We have just returned from holiday (to a lovely welcome from a very excited poo!). We decided to start him on a raw diet on our return. We have given him a venison bone (from venison for pets) and I am worried about the bone splintering as I just noticed him chewing a hard white bit he had removed from the bone. I am not sure if they become unsafe at any point and I should take away from him?

Any advice appreciated.

Thanks!
Sarah


----------



## tessybear (May 1, 2011)

Mine have a raw diet and have had bones every day since they were 8 weeks old. Any small splinters that come off I usually remove but this is quite rare as long as the bones aren't cooked.


----------



## Dylansmum (Oct 29, 2010)

Hi Sarah, the recommendation is to give non-weight-bearing bones in general, as they are softer. That is rib, spine, neck, head etc. (Obviously always raw). I get these from my local butcher. Dogs usually manage to make most of these disappear. You can give the large marrow bones, but they are best taken away once the dog has finished with the marrow part, as they are quite hard and can potentially damage the tooth enamel. I don't know much about venison, so whether the venison marrow bones are any softer, I'm not sure. There shouldn't be any splintering of raw bones - it sounds like the cartilage that you are talking about maybe?

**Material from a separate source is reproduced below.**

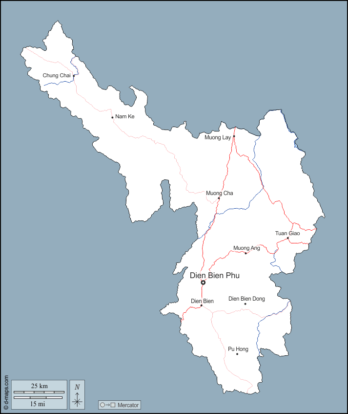 d-maps > एशिया > वियतनाम > डिएन बिएन प्रांत > बाह्यरेखा, जल-सर्वेक्षण, मुख्य शहरों, सड़कों, नाम

I've never had a problem with raw bones.


----------



## wilfiboy (Sep 18, 2010)

Yeh Sarah like Helen says it sounds like that 'disc' of cartilage, I'm also wary when they manage to chew that off, just conscious of it being swallowed, I'd observe them with a bigger bone x


----------



## tessybear (May 1, 2011)

Mine eat chicken wings, turkey necks and lamb ribs mostly.


----------